- [What needs to be done] Give back the records below exactly, omitting the pictures.
BEGIN Study material
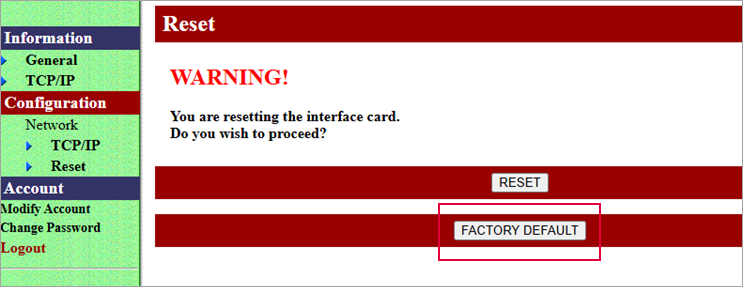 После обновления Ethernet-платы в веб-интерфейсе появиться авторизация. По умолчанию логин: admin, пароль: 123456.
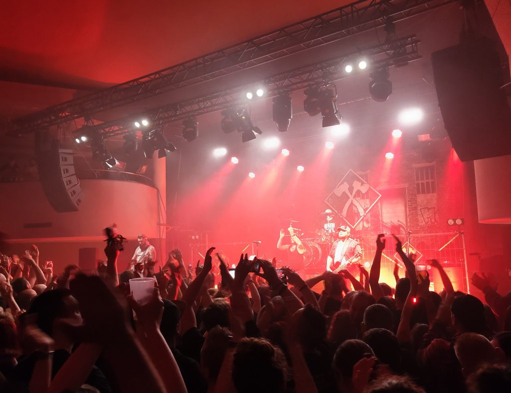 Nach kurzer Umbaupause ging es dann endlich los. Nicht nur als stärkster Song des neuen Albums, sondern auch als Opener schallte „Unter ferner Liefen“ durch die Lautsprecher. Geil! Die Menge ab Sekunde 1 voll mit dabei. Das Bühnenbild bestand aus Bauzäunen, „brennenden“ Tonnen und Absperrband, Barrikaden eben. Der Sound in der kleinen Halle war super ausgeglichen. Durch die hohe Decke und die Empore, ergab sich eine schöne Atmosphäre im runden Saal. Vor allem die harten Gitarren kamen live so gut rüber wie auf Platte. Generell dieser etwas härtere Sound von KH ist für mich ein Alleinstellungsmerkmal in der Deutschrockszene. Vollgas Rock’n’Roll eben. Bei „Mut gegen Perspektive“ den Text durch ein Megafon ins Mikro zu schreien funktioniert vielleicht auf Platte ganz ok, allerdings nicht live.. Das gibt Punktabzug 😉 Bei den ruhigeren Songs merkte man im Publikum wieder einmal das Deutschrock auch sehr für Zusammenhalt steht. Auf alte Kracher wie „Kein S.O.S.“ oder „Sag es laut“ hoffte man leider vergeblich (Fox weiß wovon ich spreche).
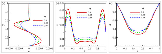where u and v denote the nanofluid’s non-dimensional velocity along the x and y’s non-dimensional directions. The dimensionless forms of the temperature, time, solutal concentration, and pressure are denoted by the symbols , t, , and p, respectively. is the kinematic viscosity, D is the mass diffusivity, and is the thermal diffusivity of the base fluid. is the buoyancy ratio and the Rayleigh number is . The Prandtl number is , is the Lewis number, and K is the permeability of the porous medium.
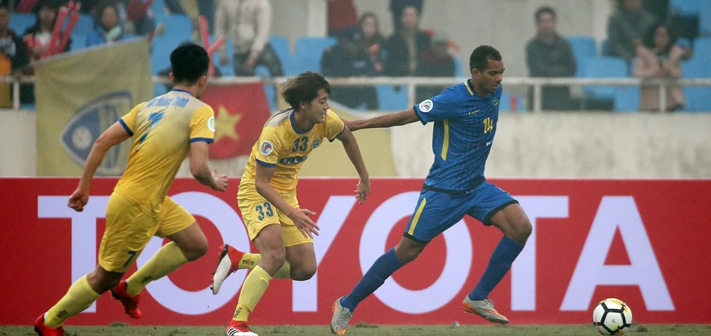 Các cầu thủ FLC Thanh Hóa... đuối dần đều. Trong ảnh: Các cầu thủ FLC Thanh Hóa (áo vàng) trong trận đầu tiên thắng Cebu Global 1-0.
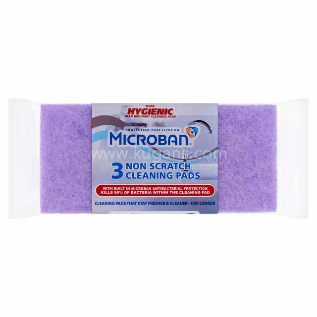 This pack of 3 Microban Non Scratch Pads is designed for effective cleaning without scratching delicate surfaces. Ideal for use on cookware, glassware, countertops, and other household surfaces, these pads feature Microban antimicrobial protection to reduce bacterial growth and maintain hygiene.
END Study material
- [Task solution]
 После обновления Ethernet-платы в веб-интерфейсе появиться авторизация. По умолчанию логин: admin, пароль: 123456.
 Nach kurzer Umbaupause ging es dann endlich los. Nicht nur als stärkster Song des neuen Albums, sondern auch als Opener schallte „Unter ferner Liefen“ durch die Lautsprecher. Geil! Die Menge ab Sekunde 1 voll mit dabei. Das Bühnenbild bestand aus Bauzäunen, „brennenden“ Tonnen und Absperrband, Barrikaden eben. Der Sound in der kleinen Halle war super ausgeglichen. Durch die hohe Decke und die Empore, ergab sich eine schöne Atmosphäre im runden Saal. Vor allem die harten Gitarren kamen live so gut rüber wie auf Platte. Generell dieser etwas härtere Sound von KH ist für mich ein Alleinstellungsmerkmal in der Deutschrockszene. Vollgas Rock’n’Roll eben. Bei „Mut gegen Perspektive“ den Text durch ein Megafon ins Mikro zu schreien funktioniert vielleicht auf Platte ganz ok, allerdings nicht live.. Das gibt Punktabzug 😉 Bei den ruhigeren Songs merkte man im Publikum wieder einmal das Deutschrock auch sehr für Zusammenhalt steht. Auf alte Kracher wie „Kein S.O.S.“ oder „Sag es laut“ hoffte man leider vergeblich (Fox weiß wovon ich spreche).
where u and v denote the nanofluid’s non-dimensional velocity along the x and y’s non-dimensional directions. The dimensionless forms of the temperature, time, solutal concentration, and pressure are denoted by the symbols , t, , and p, respectively. is the kinematic viscosity, D is the mass diffusivity, and is the thermal diffusivity of the base fluid. is the buoyancy ratio and the Rayleigh number is . The Prandtl number is , is the Lewis number, and K is the permeability of the porous medium.
 Các cầu thủ FLC Thanh Hóa... đuối dần đều. Trong ảnh: Các cầu thủ FLC Thanh Hóa (áo vàng) trong trận đầu tiên thắng Cebu Global 1-0.
 This pack of 3 Microban Non Scratch Pads is designed for effective cleaning without scratching delicate surfaces. Ideal for use on cookware, glassware, countertops, and other household surfaces, these pads feature Microban antimicrobial protection to reduce bacterial growth and maintain hygiene.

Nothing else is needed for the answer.